You are now connected to your instance!

3. Launch JupyterLab

When you launch JupyterLab, you want to use `screen <https://en.wikipedia.org/wiki/GNU_Screen>`__. By running screen, your JupyterLab session will not get interrupted if you disconnect from your instance. So, on the command line in your instance:

  1. Execute the following:

    screen

  2. Launch JupyterLab by executing

    jupyter lab --no-browser

    on the command line. This will launch JupyterLab. It will output a URL for you to open JupyterLab in your browser. Don’t use it yet, though.

  3. Open up another GitBash or Terminal window and execute the following, which sets up a socket in order to use JupyterLab through a browser on your machine.

    ssh -i "~/key_pairs/bebi103_aws_keypair.pem" -L 8000:localhost:8888 ec2-user@<IPv4 Public IP>

This socket connects port 8888 on your EC2 instance to port 8000 on your local machine. You can change these numbers as necessary. For example, in the URL listed above that you got with you launched JupyterLab, the port may be localhost:8889, in which case you need to substitute 8889 for 8888 in your ssh command. You may also want a different local port if you already have a JupyterLab instance running on port 8000, e.g., 8001. In what follows, I will use port number 8000 and 8888, which you will probably use 90% of the time, but you can make changes as you see fit.

  1. Now you can paste the URL given when you launched JupyterLab on your EC2 instance into your browser, but substitute 8000 for 8888.

You will now have JupyterLab up and running!

4. If you get detached

If you lose your internet connection, you can reconnect to your session, with JupyterLab running, by reattaching your screen. Execute screen -r on the command line after SSH-ing back in to your EC2 instance to do this.

You can see what screens are active by doing screen -ls on the command line. You can also detach the current screen by using screen -d.

5. Copying results to and from AWS to your local machine

As you work on notebooks and create new files you want to save, you may want to move them to your local machine. If you are working on a notebook or .stan file, the best option is to use git and commit and push those files to your repository directly from the command line on your EC2 instance.

Some files, though, such as MCMC results or intermediate data processing results, are not meant to be under version control. For these file, you an use scp.

  1. Open another GitBash or Terminal window on your local machine.

  2. You can copy files from the EC2 instance to your computer as follows.

    scp -i "~/key_pairs/bebi103_aws_keypair.pem" ec2-user@<IPv4 Public IP>:~/my_file.csv ./

  3. Similarly, you can upload files to your EC2 instance as follows (in this example to the home directory in your instance).

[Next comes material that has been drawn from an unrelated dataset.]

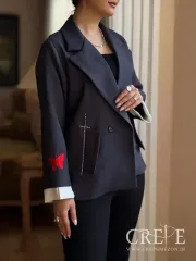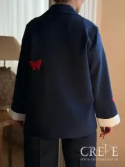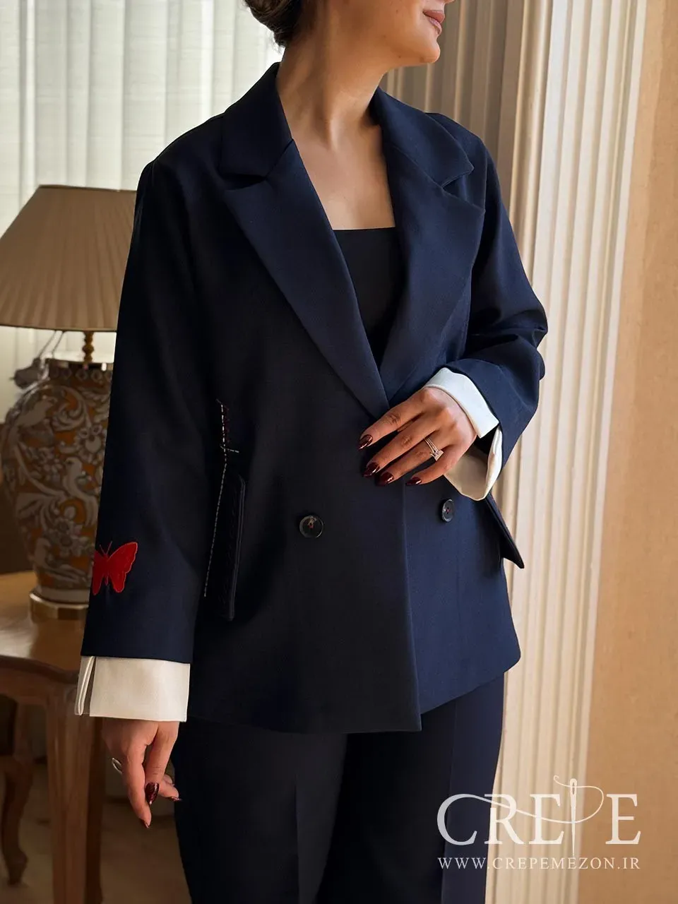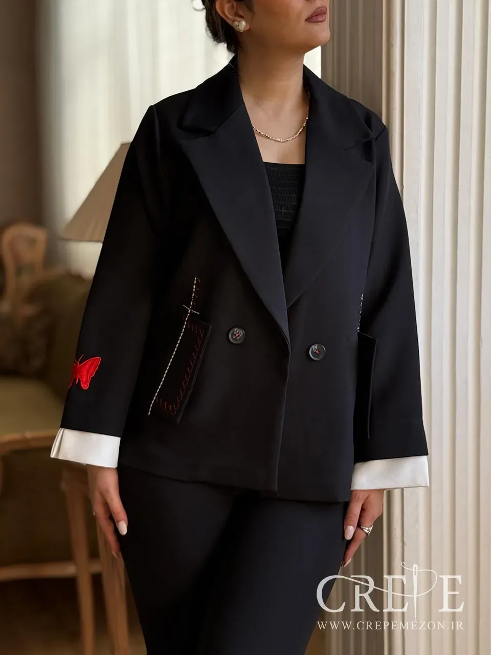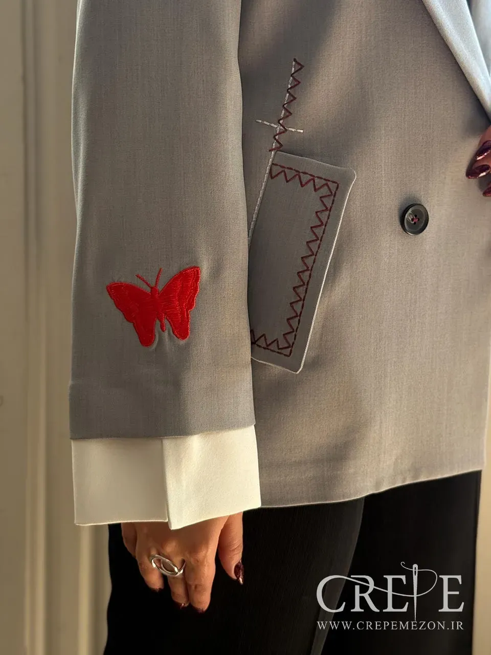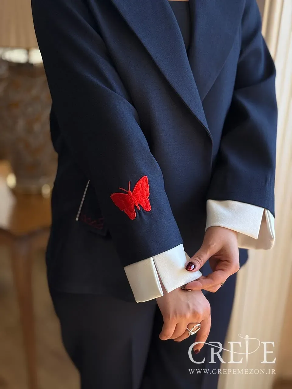 یقه انگلیسی به مانتو ظاهری کلاسیک و رسمی میدهد و مناسب برای مجالس و دورهمیها است. سر آستینها با پارچه سفید کتان کجراه طراحی شده که تضاد جالبی ایجاد کرده و به زیبایی کت میافزاید. در قسمت آستین و پشت کت، گلدوزی پروانه وجود دارد که نشاندهنده دقت در طراحی و توجه به جزئیات است. این گلدوزی میتواند جلوهای خاص و منحصربهفرد به کت ببخشد. کت دارای دو جیب کاربردی است که میتوانند به شما در نگهداری اشیاء کوچک کمک کنند و همزمان طراحی کت را تحت تاثیر قرار ندهند. این کت مجلسی میتواند گزینهای مناسب برای مهمانیها، مجالس و دورهمیها باشد.

    scp -i "~/key_pairs/bebi103_aws_keypair.pem" my_file.txt ec2-user@<IPv4 Public IP>:~/

6. Exiting

  1. Shut down your notebook in the browser.

  2. If necessary, in the terminal window used to launch JupyterLab, you can shut down JupyterLab by pressing Ctrl-c.

  3. After Jupyter is terminated, you should detach your screen by doing screen -d.

  4. For good measure, you should also quit your screen by doing screen -X quit.

  5. STOP YOUR INSTANCE ON AWS. To do this, go back to the Instances page on your EC2 console. Right click your instance, and navigate to Instance StateStop. Do not terminate your instance unless you really want to. Terminating an instance will get rid of any changes you made to it.

7. Seriously. Stop your instances if you are not using them.

If your instance is not stopped and you leave it running, you will get charged. You can rack up a massive bill with idle, but running, instances. You should stop your instances whenever you are not using them and watch them stop all the way. It is a minor pain to wait for them to spin up again, but forgetting about a running instance will cause more pain than that to your pocketbook.